Big Data/Machine Learning/AI
Machine Learning for Predicting Neonatal Prematurity in Seven Low- and Middle-Income Countries: Analysis of the Maternal Newborn Health Registry (MNHR) Pregnancy Outcomes Marianna Gerardo Hidalgo Santos Jorge Leite* Marianna Gerardo Hidalgo Santos Jorge Leite Gabriel Ferreira dos Santos Silva Fabiano Novaes Barcelos Carine Savalli Alexandre Chiavegatto Filho
Introduction: Preterm birth rates in developing nations contribute significantly to newborn mortality, largely attributed to preventable health conditions. Addressing this issue requires early intervention through health and public policies targeting high-risk pregnancies. Artificial Intelligence, specifically machine learning, has gained traction for predictive modeling in healthcare. The efficacy and generalizability of these algorithms hinge on leveraging routinely-collected data to identify pregnancies at risk for preterm birth.

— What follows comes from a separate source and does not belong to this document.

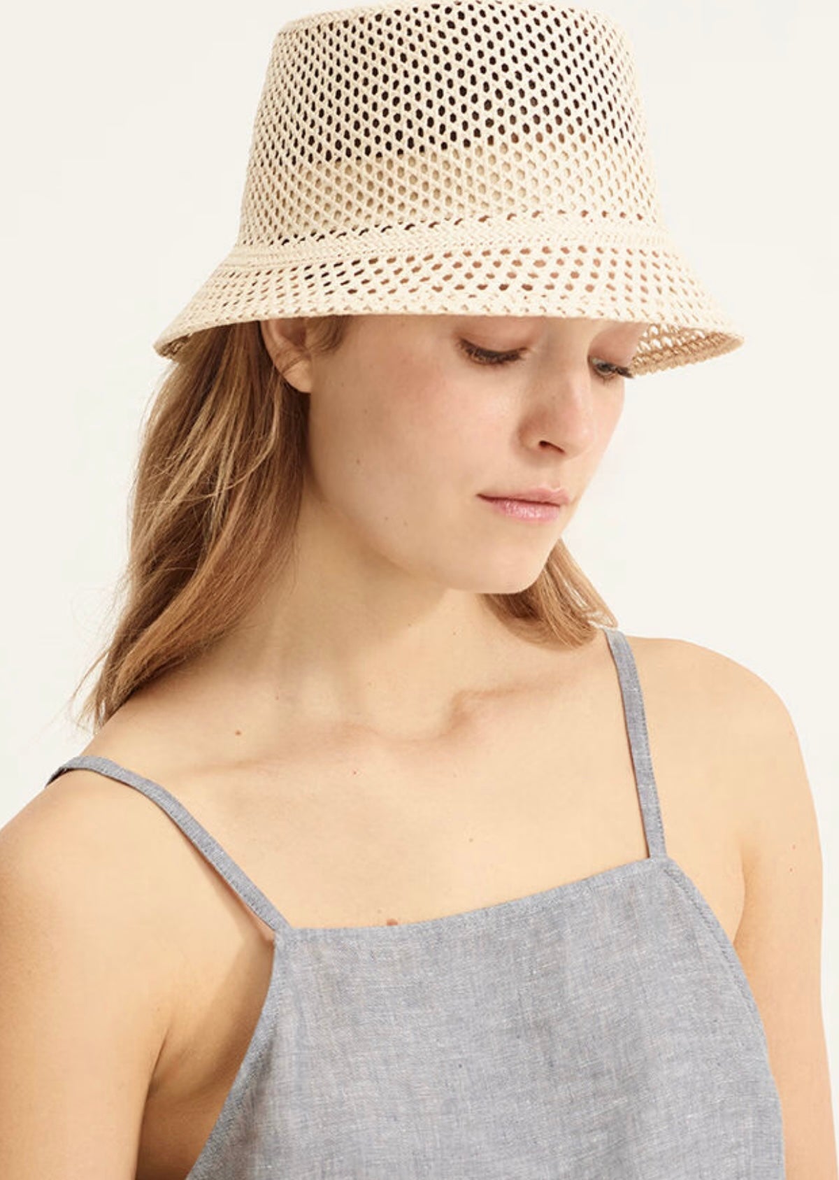 Palmyre, a sun hat in openwork paper straw, features a distinctive lightness and summer allure. The perfect finishing piece for a solar silhouette, it offers understated and contemporary protection.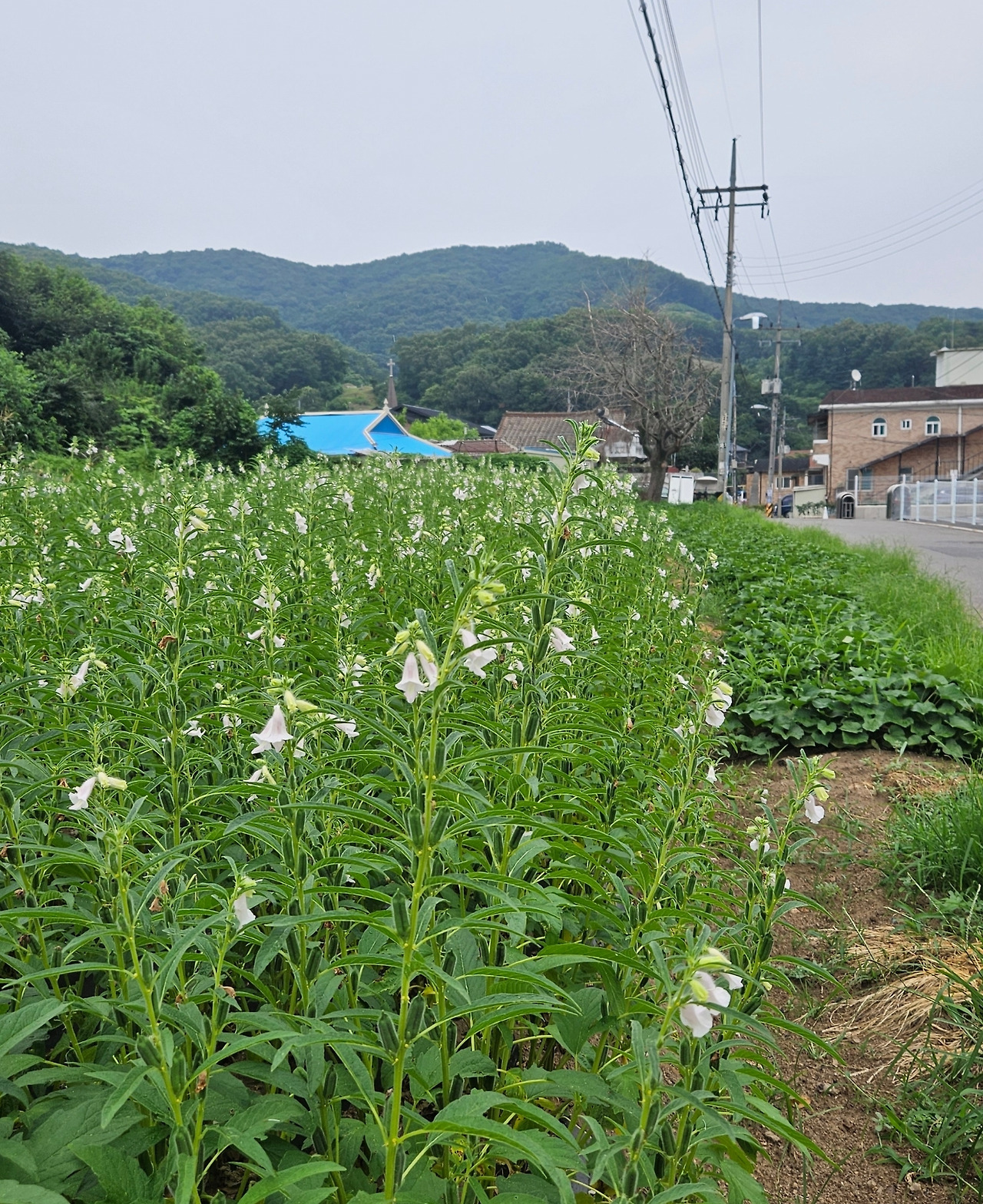 탁 트인 전망을 주진 않지만, 숲 속에서 명상하듯 걷기에 이만한 길도 없겠다 싶다. 직리천의 곁가지 하나가 시작되는 곳 부근에서 임도 아래로 홀연히 마을이 내려다보였다. 칡잎에 떨어지는 빗소리가 점점 커졌다. 텃밭에는 열매에 봉지를 씌운 배나무, 꼬맹이 주먹만큼 여문 사과나무, 금강초롱을 닮은 꽃을 주렁주렁 매단 참깨가 농가와 어우러져 풍성한 가을을 꿈꾸고 있다.

Methods: We analyzed Global Network Maternal Newborn Health Registry (MNHR) data from 2017 to 2019 across seven low- and middle-income countries, encompassing 138,303 pregnancies and reporting term or preterm outcomes. Initially selecting 47 variables available at 20 weeks, we employed Boruta algorithm-based feature selection, identifying 19 variables for model training. Target encoding and z-score normalization were applied to qualitative and quantitative variables, respectively. Popular machine learning algorithms—XGBoost, Catboost, LightGBM, and Random Forest—were tested on a 30% test set.
Results: CatBoostClassifier yielded an Area Under the Curve (AUC)of 0.7599 (Sensitivity: 0.9882, Specificity: 0.1390). Site-specific analysis revealed superior performance of LGBMClassifier in site 2, the Democratic Republic of Congo (AUC = 0.7829, Sensitivity= 0.2385, Specificity= 0.9732) and site 8, Belagavi, India (AUC=0.7863, Sensitivity: 0.2412, Specificity: 0.9868). Key predictive variables included the number of antenatal visits, early enrollment for follow-up, and antenatal care in the first trimester.
Conclusion: Machine learning algorithms effectively predicted prematurity using 20-week pregnancy data from seven low- and middle-income countries. These tools can aid in identifying mothers at risk for premature delivery, especially in low-income regions. Further research should validate this methodology in diverse settings with similar routinely collected data.